Katherine no conoce la vergüenza, la desidia, el decoro, la mojigatería y el achante

jueves, 5 de mayo de 2011

Carta abierta a Marta Ruíz


Tal vez sea muy atrevido de mi parte escribirle una carta a Martha Ruíz, empezando porque no sé a ciencia cierta si el Marta de ella es como el de mí tía Martha Lucía, o como el de Marta Lucía Ramírez. Por eso me dan ganas de cambiarle a esto el título y escribir una “carta abierta a la señora Ruíz”.

Le escribo estas líneas (frase cliché para entrar en confianza) para agradecerle mi inclusión en su taller de crónica todos los sábados que se vienen hasta que estemos muy cerca de las elecciones regionales.
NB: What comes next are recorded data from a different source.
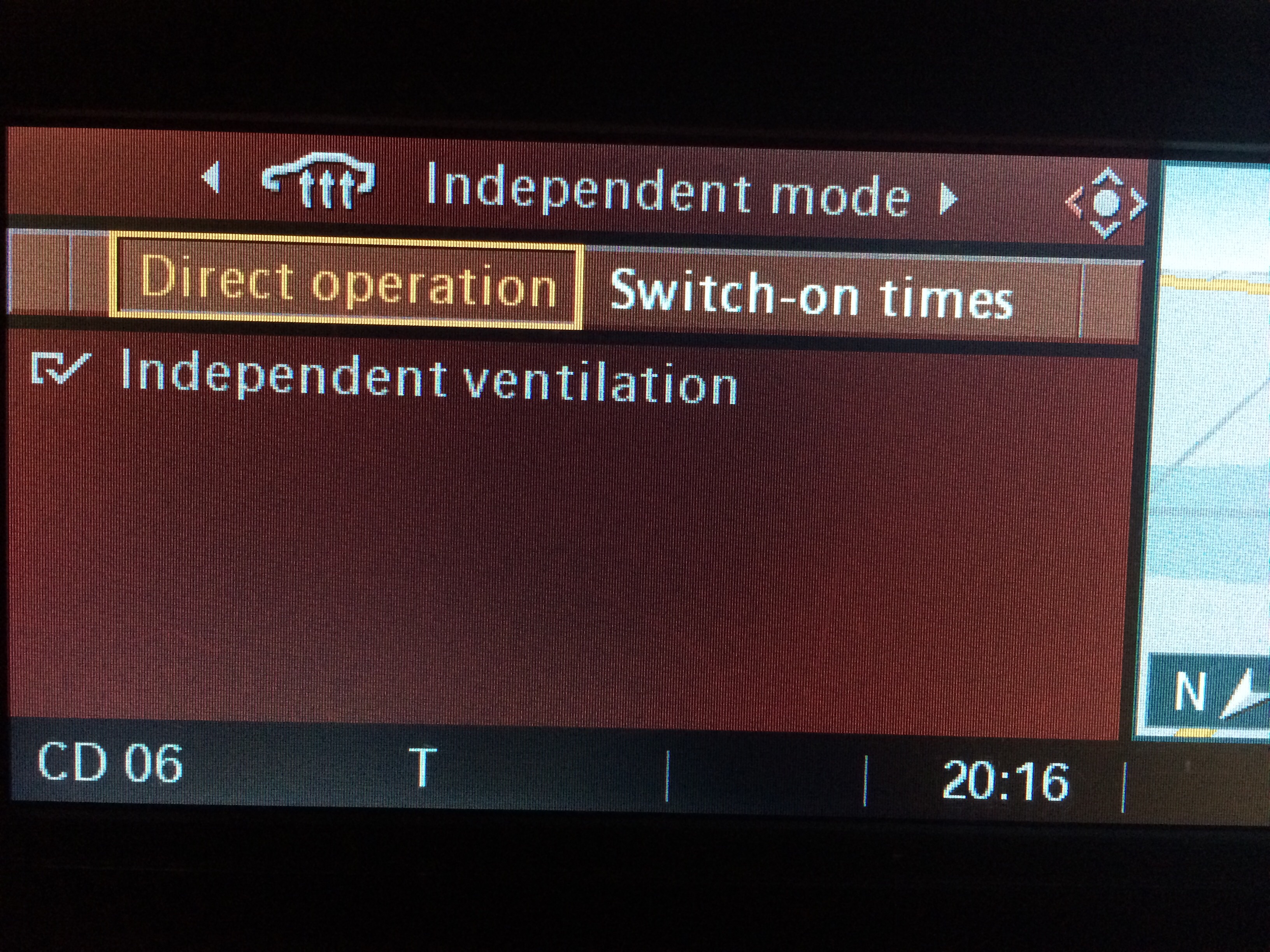 Na prvom obrazku je independent ventilation,co je presny opak nezavisleho kurenia,je to nazavisle vetranie,funguje to tak ze si nadstavis cas(neviem ci mas casovac) a v lete ked ti prazi na auto slnko a je v nom 60st,tak pomocou tejto funkcie si dokazes "vychladit" interier na okolitu vonkajsiu teplotu.....
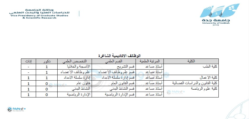 أعلنت جامعة جدة مُمثلة في الإدارة العامة للموارد البشرية توفر وظائف أكاديمية شاغرة للرجال والنساء لحملة الدكتوراه في العديد من التخصصات، للعمل بمسمى أستاذ مساعد، للعام الجامعي 1443هـ، واشترطت الجامعة أن يكون المتقدم أو المتقدمة سعودي الجنسية .
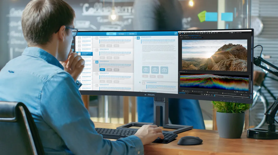 产品优势:该类型商用显示器皆具备21:9/32:9超宽屏,超宽视野可轻松容纳多轨道时间线、素材面板与预览窗口,无需频繁切换。此外5K超清分辨率则精准还原每一处色彩细节与设计肌理,让创作过程更沉浸、更
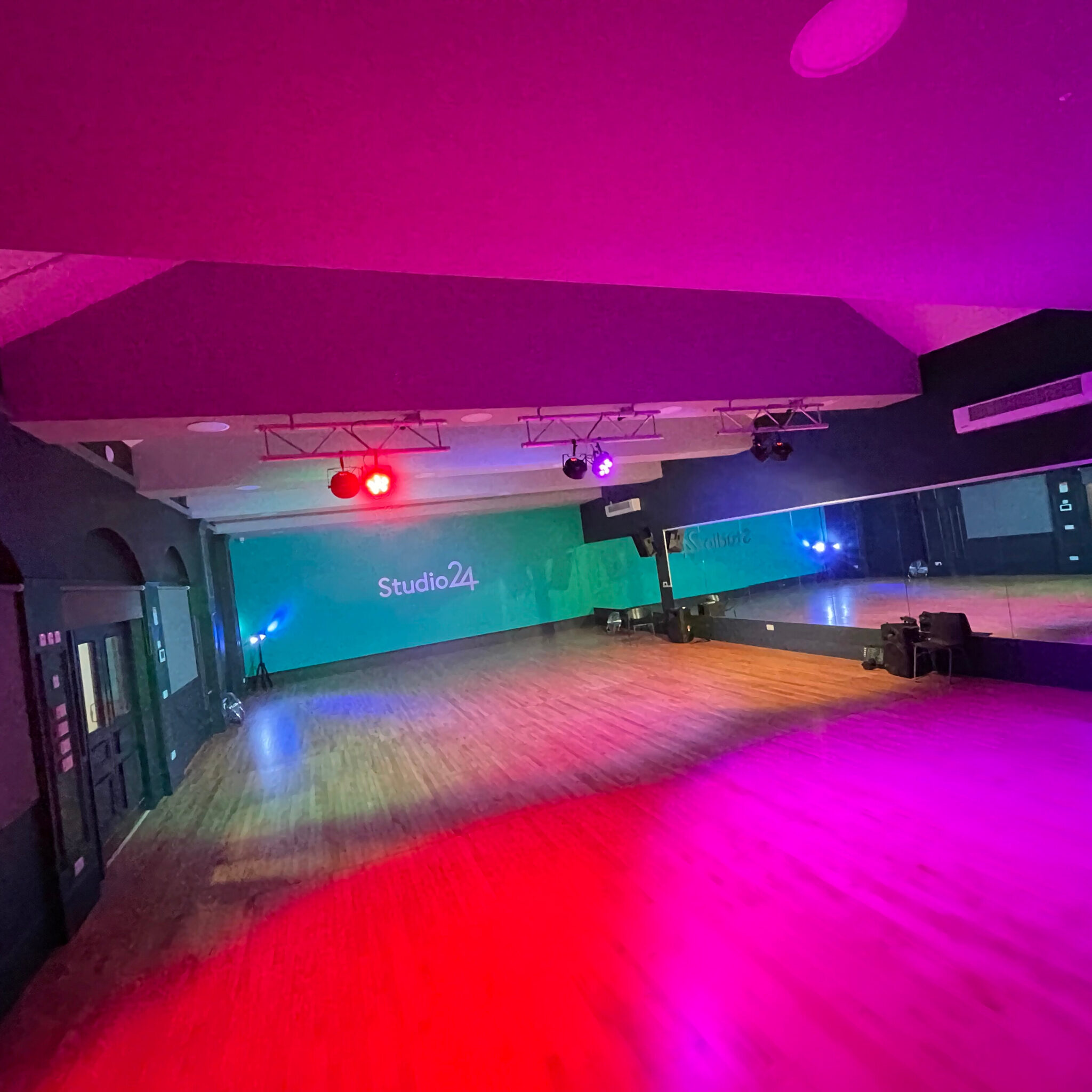 Studio 1 – approx 1600sqft, wooden floor, full length mirrored wall. disco lights.
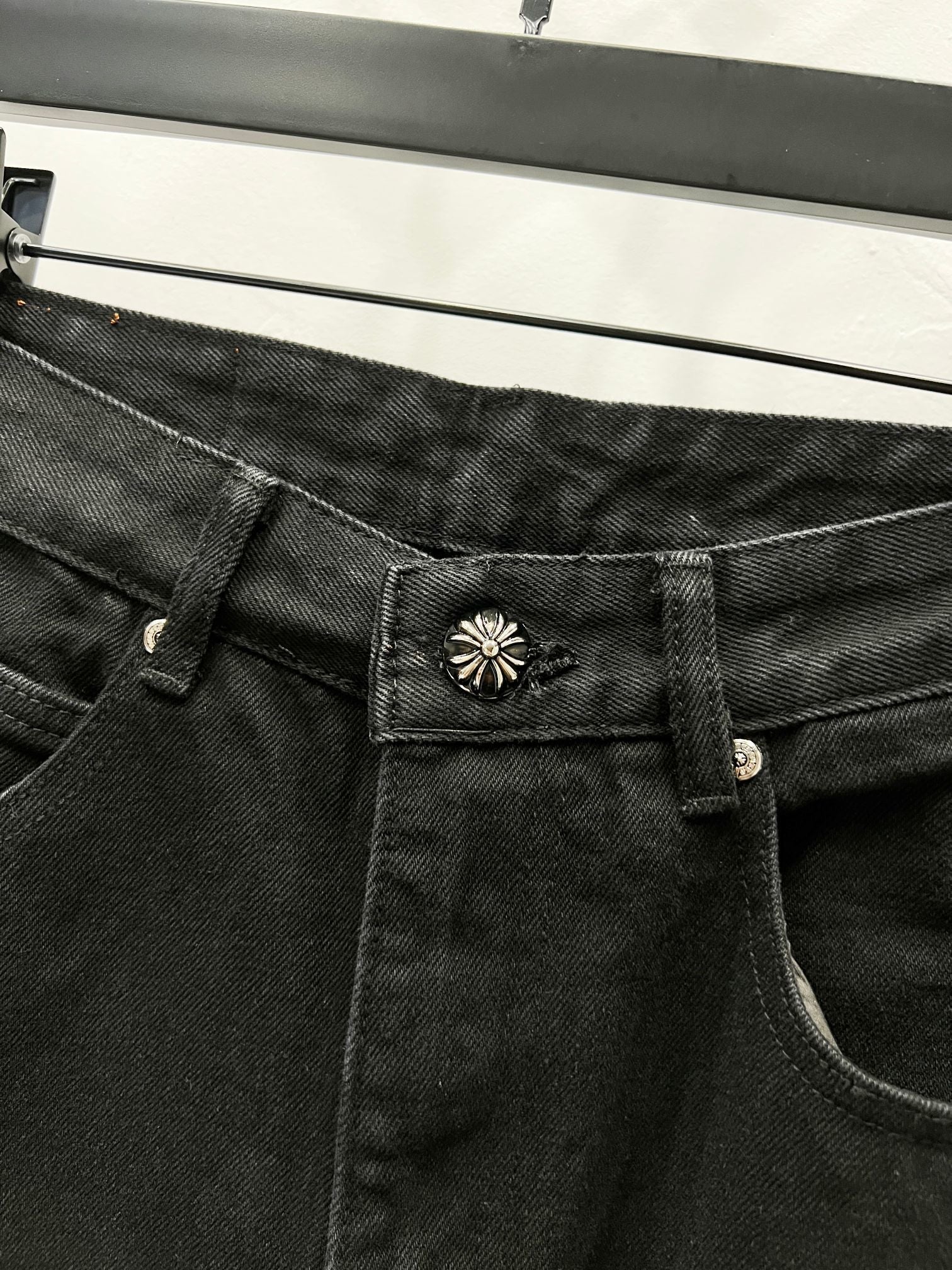 Upgrade your wardrobe with our handmade CH-inspired denim. Each pair is crafted with premium light-wash denim and detailed with custom cross patches for a bold, luxury streetwear look. Perfect fit, durable fabric, and eye-catching design make these jeans a standout piece for any outfit.
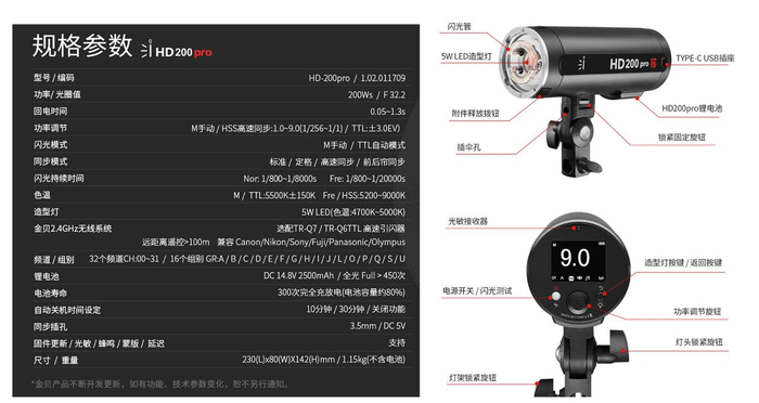 我们再来看看这次金贝这只HD200-pro都给了什么?200Ws的最大功率,5W LED造型灯,欧米伽型专业闪光灯管,2500mAh锂电池可提供不低于450次的全功率输出,普通模式/凝固模式/高速同步任意切换,配合金贝TR-Q7复合式热靴引闪器一个系统兼容佳能/尼康/索尼/富士/松下/奥巴六个品牌,另外除了锂电池供电以外还可以将电池替换为专用交流电源模块,变身为永不断电的影室闪光灯。
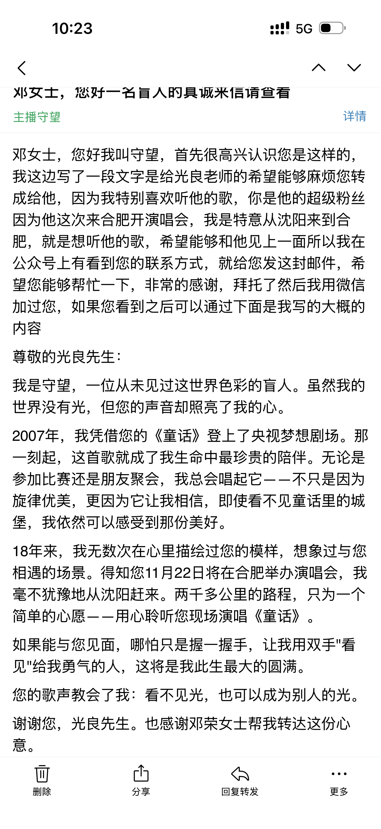 祈望说,光良出说念30年,他心爱《童话》,也心爱了18年。相近合肥站演唱会,光良的牙东说念主邓女士收到了祈望写的一封邮件:“我是祈望,一位从未见过这全国颜色的盲东说念主。天然我的全国莫得光,但您的声息却照亮了我的心。”

Mis sábados brillaban con niños de Ciudad Bolívar hasta que decidió usted aceptarme y cambiármelos por la iluminación de su conocimiento. Espero que este taller me dé algo para yo darle a ellos y así quitar el cargo de conciencia que siento por abandonar mi trabajo social sabatino.

Yo la verdad siento que usted ha sido engañada y que por eso me aceptó en el taller. Quisiera contarle detalles escabrosos de mi vida para que lo piense usted todo, excepto que yo soy una ciudadana intachable, absolutamente digna de un Nobel de Paz, la Barack Obama criolla.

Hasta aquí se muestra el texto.